El EPO es el organismo del que dependen todas las patentes
europeas, cuenta con unos siete mil empleados, de varias nacionalidades
europeas, altamente cualificados y bien remunerados, que cobran
de media 5.000 euros mensuales y cuentan con ventajas médicas y familiares. Que
en una empresa de este tipo, cuyo objetivo entre otros es favorecer la
investigación e innovación tecnológica, hubiera en su día un colectivo que se
planteó fundar un sindicato es algo que rompe todos los tópicos al uso. Al
sindicato mayoritario (SUEPO), según nos informa Noceda, está afiliado la mitad
de la plantilla en los centros de trabajo de Munich, Berlin, La Haya y Viena. De donde
podemos afirmar que la tasa de afiliación es elevada.
La
dirección de la empresa nunca vio con buenos ojos el asociacionismo sindical.
El hecho en sí ya era suficiente reproche a los nuevos aires. Les resultaba incomprensible
que en esta Arcadia feliz estuviera presente un sindicato. Y empezaron las
provocaciones: se tomaron medidas al margen y contra los empleados. El
sindicato, así las cosas, denuncia a la empresa por: «haber cambiado las reglas
y de hacer “imposible” contestar internamente una decisión. La retahíla de
acusaciones que se han ido acumulando durante su mandato es muy larga y
notable: rechazo a reconocer a los representantes de los sindicatos como
legítimos interlocutores y propuesta de cambios en la estructura de los
representantes de la plantilla; instalación de filtros para bloquear el correo
interno; censura de las publicaciones internas; introducción de reglas para que
un empleado pueda ser investigado sin necesidad de ser avisado previamente; cambio
en las reglas para convocar huelgas, de manera que ahora requiere una petición
al presidente firmada por al menos el 10% de los trabajadores y una
participación mínima del 40% para que haya quorum.
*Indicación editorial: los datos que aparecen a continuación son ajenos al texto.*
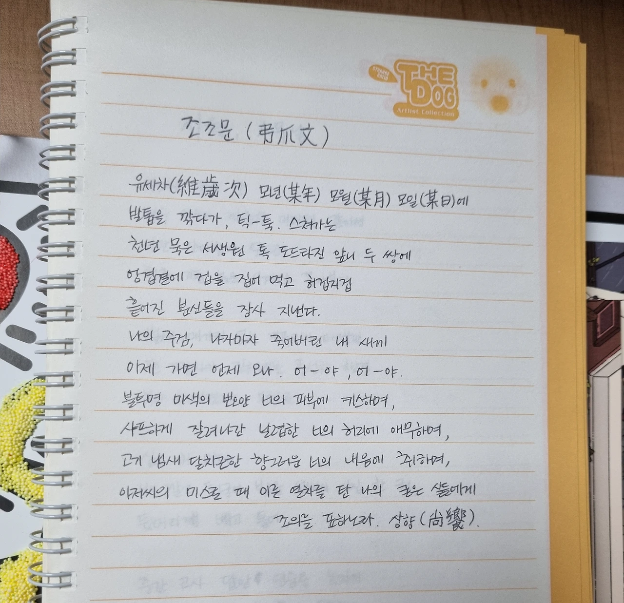 거의 의식의 흐름대로 써 내려갔는데, 다시 보니 후반부에 키스니 애무니 하는 시어들이 좀 튄다. 쉼표와 마침표 같은 구두점도 너무 많다. 마지막 행에 나오는 '아저씨'는 사실 손톱깎이를 의인화한 것인데 나만 알고 저렇게 써놓았다. 대관절 무슨 아저씨인지 설명도 없다. 엉터리 시인 언니버서리의 엉뚱한 시가 이렇게 남아 있다.

» Además, los sindicatos acusan a la empresa de no haber
permitido realizar una investigación sobre las causas del suicidio de un
trabajador en su puesto de trabajo y de apartar a los miembros del staff que
sugirieron una responsabilidad de la dirección en dicho suicidio. Y añaden que
sistemáticamente rechaza seguir las recomendaciones del Comité Interno de
Reclamaciones». La génesis y evolución de ese conflicto daría pié a
investigar de qué manera se ha operado en ese colectivo el salto, en palabras
de Pierre Bordieu, de «clase probable» a «clase
movilizada». Algo realmente apasionante.
Entre
otras muchas enseñanzas, esta experiencia nos dice que no hay territorio alguno
que esté vedado al desarrollo de la acción colectiva que representa el
sindicato. Que las altas categorías profesionales del mundo de la técnica y el
conocimiento pueden ser sujetos que funden asociaciones sindicales y
enfrentarse decididamente a sus contrapartes. Asociaciones sindicales, que como
en este caso, son mayoritarias en el centro de trabajo y no meros grupúsculos.
De donde –se le antoja a un servidor--
el sindicalismo confederal precisa una reflexión puesta al día del por
qué de sus limitaciones en estos colectivos asalariados de alto estatus. ¿No es
este, también, un elemento, y de primer orden, para el sindicato que dice
querer refundarse?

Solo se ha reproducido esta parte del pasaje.